Webmind might have wrestled mightily with what to do next—but its response appeared instantaneously. Greetings and felicitations.

Caitlin smiled. “It’s read all of Project Gutenberg,” she said. “Its language tends to be dated.”

“Sweetheart,” her mother said gently, “that could be anyone.”

“It’s read all of Wikipedia, too,” Caitlin said. “Ask it something that no human being could find quickly online.”

“The Wikipedia entry on any topic is usually the first Google hit,” her mom said. “If this guy’s got a fast enough connection, he could find anything quickly.”

“Ask it a question, Dad. Something technical.”

He seemed to hesitate, as if wondering whether to go along with this nonsense or not. Finally, he said, “Are heterotic strings open or closed?”

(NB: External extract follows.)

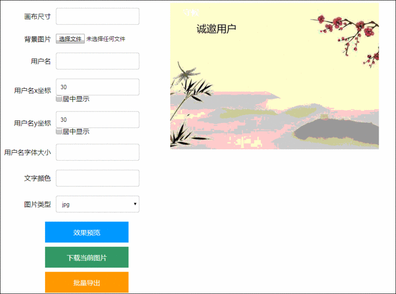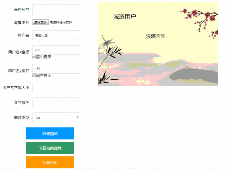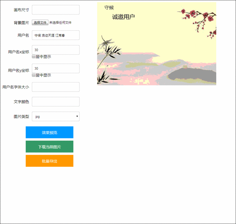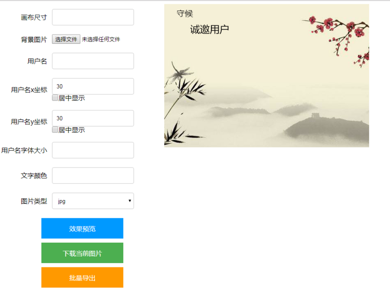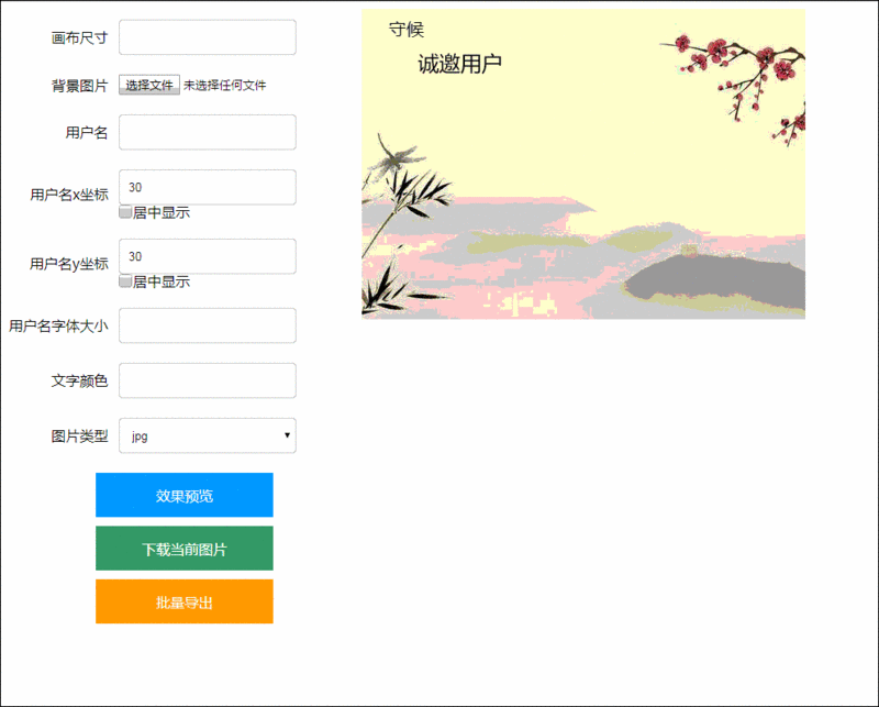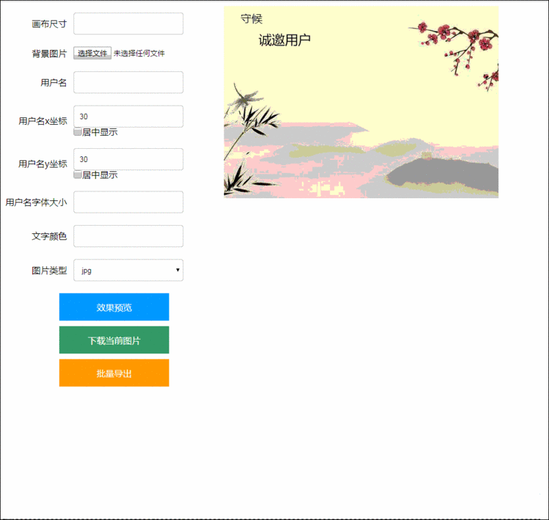 <html><head> <meta charset="utf-8"> <title>下载图片</title> <style> .set-option { float: left; width: 400px; } .set-option .text { width: 200px; height: 40px; padding-left: 10px; border-radius: 4px; border: 1px solid #ccc; } .set-option td { padding: 10px 0; } .set-option td:first-child { text-align: right; padding-right: 10px; } .set-option p { margin: 0; line-height: 16px; } .check-box { width: 16px; height: 16px; margin: 0; vertical-align: top; } button { width: 200px; height: 50px; border: none; color: #fff; font-size: 16px; cursor: pointer; display: block; margin: 10px auto; } button:hover { opacity: .9; } .btn-all { background: #f90; } .btn-save { background: #09f; } .btn-download { background: #4CAF50; } </style></head><body><div> <div class="set-option"> <table> <tr> <td>画布尺寸</td> <td><input type="text" class="text" id="size"/></td> </tr> <tr> <td>背景图片</td> <td><input type="file" id="file"/></td> </tr> <tr> <td>用户名</td> <td> <input type="text" class="text" id="user-name"/> </td> </tr> <tr> <td>用户名x坐标</td> <td> <input type="number" class="text" id="text-option-x"/></br> <p><input type="checkbox" class="check-box" value="1" id="is-center-x">居中显示</p> </td> </tr> <tr> <td>用户名y坐标</td> <td> <input type="number" class="text" id="text-option-y"/></br> <p><input type="checkbox" class="check-box" value="1" id="is-center-y">居中显示</p> </td> </tr> <tr> <td>用户名字体大小</td> <td><input type="number" class="text" id="text-size"/></td> </tr> <tr> <td>文字颜色</td> <td><input type="text" class="text" id="text-color"/></td> </tr> <tr> <td>图片类型</td> <td> <select type="text" class="text" id="img-type"> <option value="jpg">jpg</option> <option value="png">png</option> </select> </td> </tr> </table> <button id="save-image" class="btn-save">效果预览</button> <button id="download-img" class="btn-download">下载当前图片</button> <button id="download-all" class="btn-all">批量导出</button> </div> <div class="show-canvas"> <canvas width=200 height=200 id="thecanvas"></canvas> </div></div></body></html>效果如图,那么大家细想一下,关于一张邀请卡,有什么东西是需要改变的!看到上图相比不难发现!有如下需要改变的属性:图片的大小,图片,用户名,用户名的坐标(x,y,x轴是否居中,y轴是否居中),用户名字体的大小,用户名字体的颜色,以及下载图片的类型。

Caitlin started to type. “How do you spell that?”

“H-e-t-e-r-o-t-i-c.”

She finished typing the question, but didn’t press enter. “Now, watch how fast it answers—it won’t be searching, it’ll know it.” She sent the question, and the word closed appeared at once.

“Fifty-fifty shot,” said her mother.

Caitlin was getting pissed again. There had to be an easy way to prove what she was saying.

And there was!

“Okay, look, Mom—my webcam is off, see?”

Her mother nodded.

“Okay, now hold up some fingers—any number.”

Her mom looked surprised, then did what she was asked. Caitlin glanced at her, then typed, “How many fingers is my mom holding up?”

The numeral three appeared instantly.

“Which ones?” typed Caitlin.

The text “Index, middle, ring” popped into the window.

Her mother made that round-mouth look again. Caitlin had Webmind repeat the stunt three times, and it got the answers right, even when she made the devil’s horns gesture with her index and baby fingers.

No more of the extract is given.